I went to spin class and when I came home, I found DH once again in tears. He alternates between tears and raging. I alternate between drinking, chanting and then tears. I hope that no one tells him that "he was just a dog". Seriously, that person will regret it. Seriously.
I know it will get easier, but right now, it's not. Right now, he's feeling seriously bitchslapped by life, once again, andwondering who the fuck sucked up all the good luck in the world and left us with the booby prize. Hubby likes to ask, why? I say, why not? I don't ask why anymore. The answer is not really important. It's not even relevant. Suck it up, buttercup, it's all just part of life. Nothing personal. Good people and good dogs die every fucking day. It could have been a lot worse. We were protected from watch him suffer through a long, painful inevitable death. It was quick and we were both there for him. As I swore I'd do. (Though at times it feels as if there's a time limit on our ability to stay trauma free.)
And now Baby Boy is back home with his pack where he belongs.
Once again, thank you for the e-cards and comments. They have been an enormous comfort.
6 comments:
I'm so sorry for your loss. It's tough to lose a loved pet. You'll have all the good memories of him in your heart. The grief takes time. I grieved over my cat who passed away last year for at least six months. I think the older you get, the more open your heart is and the longer you grieve. It's all ok.
The thing about animals is that--given their relatively short lives--they will always leave you with a broken heart. The other thing is that they are totally worth that broken heart.
Peace and blessings from Indianapolis.
let him sob. he needs to feel this.
the first day I was home alone without our girlpup, I weeped prostrate on the floor or huddled in a cocoon on her favorite chair, for hours. we made a point to get out, go to movies, whatever we could for diversion. we were both so impossibly attached to that girl. it still hurts, more than a year later. last weekend was the anniv. of the day we adopted her, and just thinking about her love brought me to tears.
for a long time, and even still, the most painful image for me was often a pregnant mother on a walk with her dog and a stroller. some of my friends even, not just strangers.

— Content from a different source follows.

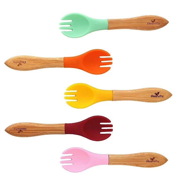 Forks are crafted of organic bamboo and silicone. FDA-approved food-grade varnish. Training fork has larger head and shorter handle which is easier for older babies to hold. Training fork has a reinforced Silicone body which allows your little one to practice piercing basic foods. A great baby or toddler Training fork for baby Lead Weaning (BLW)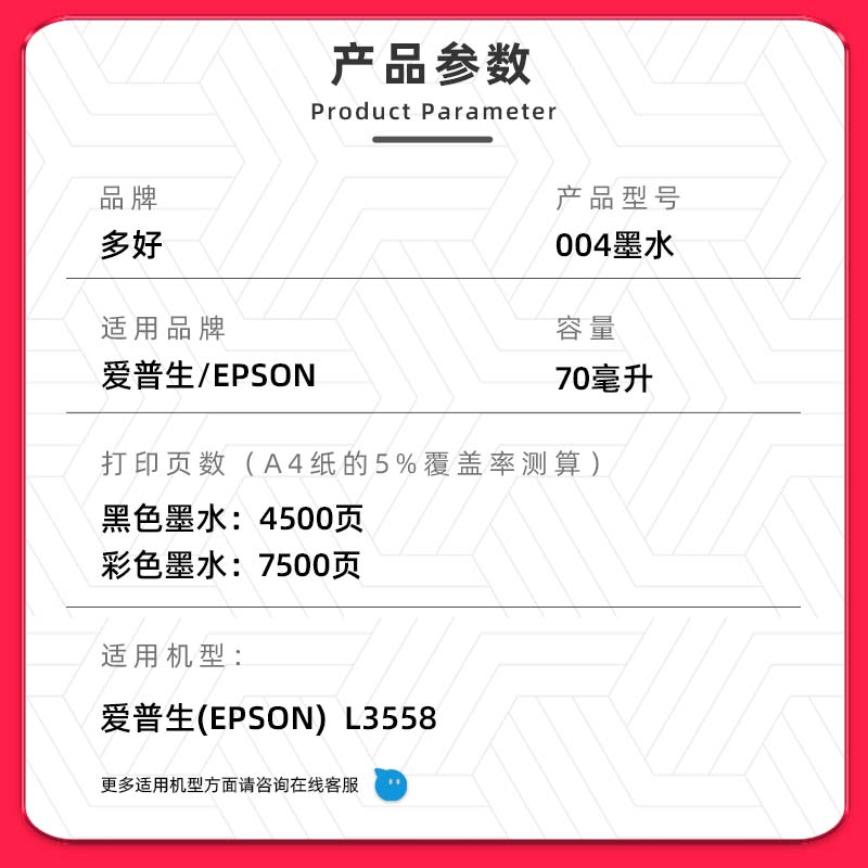 【L3558专用墨水】多好原装效果适用爱普生EPSON L3558彩色多功能一体机打印机正品墨水

I'm just so sorry for the loss you're feeling now. your hub too.
Hi Deathstar,
I've been thinking of you and your husband and Sampson since I read the email. Just last night as I was walking around I thought of you and your chanting, your practice and community -- I sent a silent prayer up to the universe that you were enfolded in love and care in this difficult, difficult time.
It does seem, doesn't it, that when you've had your share of heartache that the world could spare you any more... I feel a deep kinship with you DS, and if I were near we could walk around that lovely park, or hideout in a coffee shop somewhere and just talk.
Know that you all are never far from this stranger's heart -- south of the border.
xo
Pam
Again, I'm so sorry for you and your husband. I know your soul hurts.
So sorry for your loss again. I know how our pets really becomes one of the family and they become our children. They are everything to us so I know how hard the loss is. I'm glad you have each other and your friends/family. I'm here thinking of you.